I'm running into some confusion in classifying singular points of the ODE: $$ y'' + p(x)y' + q(x)y = 0 $$ With $p(x) = 1/x$ and $q(x) = 1$. It's clear to me that zero is a singular point. Now, to classify this singularity we check to see whether or not $xp(x)$ and $x^2 q(x)$ are analytic at zero. This is where my confusion comes in.
So it seems to me, $xp(x) = x (1 / x)$ is not even defined at $x = 0$. But in my class notes, and in various texts, the $x$ would be canceled out. Ie it would be asserted that "$xp(x) = 1$ is analytic at zero". Could someone help me see what I'm missing?
For a reference see the first example from: https://atmos.washington.edu/~breth/classes/AM568/lect/lect15.pdf
edit: I believe this is because we have the limits in mind, but I would like verification.

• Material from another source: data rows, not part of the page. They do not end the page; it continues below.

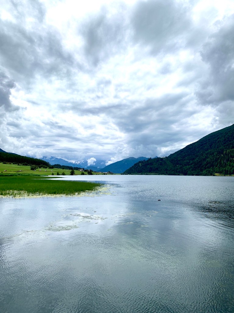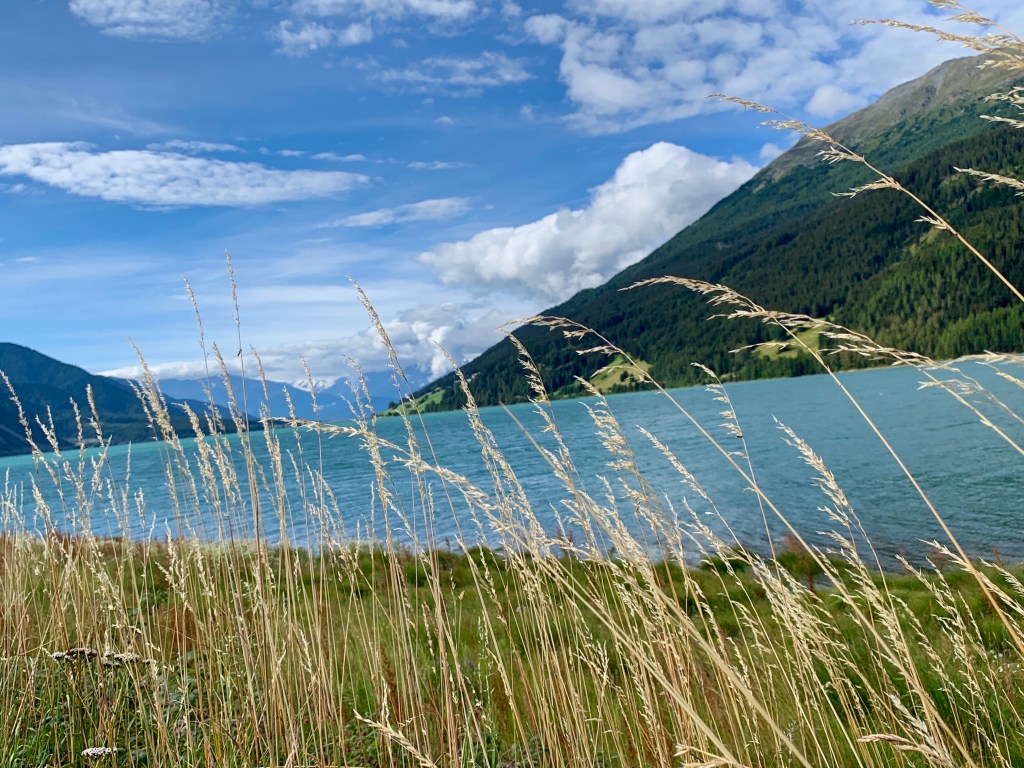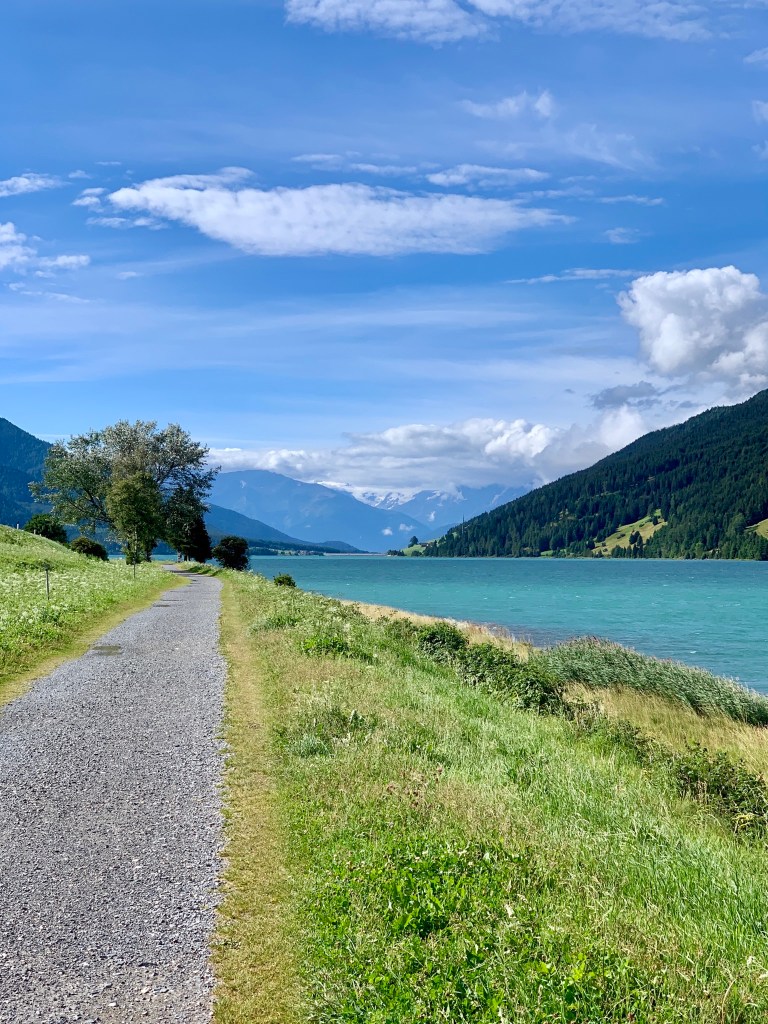 Gestern war‘s ein langer Hatsch (bayrisch für einen langen, eher langweilig-mühsamen Fußmarsch) von Reschen bis Mals im Oberen Vinschgau. Ich bin hauptsächlich dem Fahrradweg gefolgt, was der kürzeste Weg war (20 Kilometer und ein echt entspanntes Höhenprofil), aber das Wandern auf den asphaltierten Wegchen hat mich so platt gemacht, dass es abends zu nicht mehr viel kam, nicht zum Abendessen und nicht zum Blog schreiben. Hier also der Nachtrag!
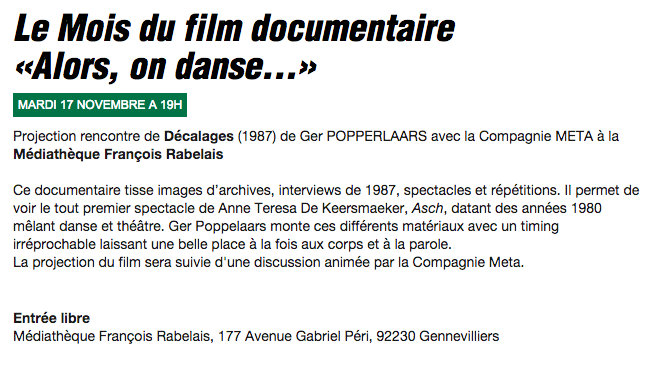 Venez (re)découvrir des spectacles de danse du XXème siècle. Chaque jour, nous projetterons une nouvelle pièce chorégraphique que nous visionnerons ensemble, puis nous prendrons un temps pour échanger nos impressions et sensations. Nous vous attendons nombreux !
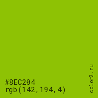 Цвет #8EC204 в цветовой модели RGB обозначается тремя октетами (142, 194, 4) в десятичном формате и #8EC204 в шестнадцатиричном (hex) формате, которые являются интенсивностью красного 142 (hex 8E), интенсивность зелёного 194 (hex C2) и интенсивность синего 4 (hex 04).
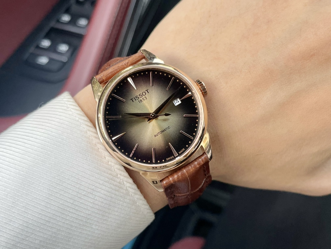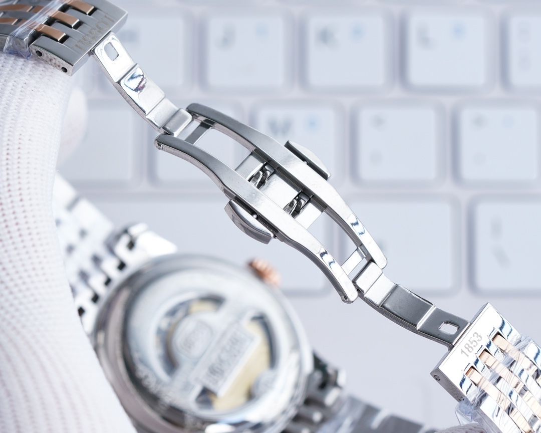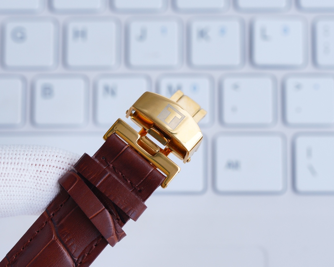 Tissot sapphire glass mirror 316 steel original double button butterfly buckle/genuine leather belt
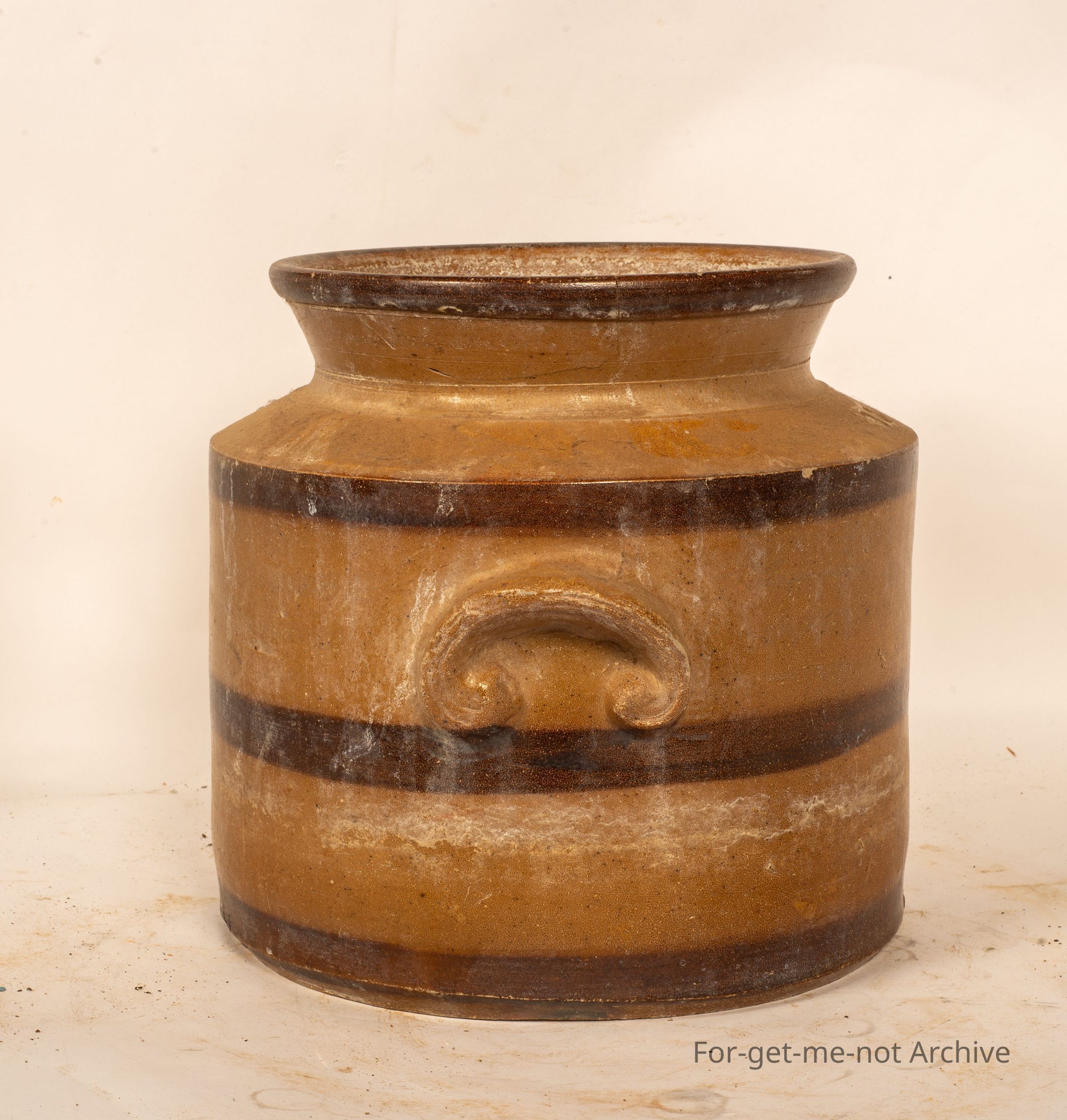 Stoneware Pottery, This is one of the medium sized storage jars. Early Bendigo Pottery. The usual, dark glazed bands. Both handles intact. Neck in good condition.

I believe the authors are just using "$x\cdot p(x)$ is analytic" as shorthand for "the function $x\cdot p(x)$ (defined for $x\not = 0$) has an analytic extension to all of $\mathbb{R}$", so there is an analytic function defined on all real numbers which is equal to $x\cdot p(x)$ wherever that is defined.
It is often convenient to say functions $f$ and $g$ are `equivalent' as functions even if they have equal values everywhere except one, or finitely many, exceptions. For instance, the existence and value of integrals of such functions will be the same. If you are familiar with things like measure theory or point-set topology, there are fancier ways to say two functions are "the same" if they are equal except from a "small" set.
Alternatively, if you want a more `algebraic' way of thinking, say a function $f(x)$ has a pole of order $k$ at $x_0$ if there is a Laurent series $$f(x) = \sum_{n=-k}^\infty a_n (x-x_0)^n$$ which converges on some annulus $(a,x_0-\epsilon)\cup (x_0+\epsilon,b)$. Then a "regular single point" as described in the document is asking that each coefficient $p_k(x)$ has a pole of order (at most) $n-k$.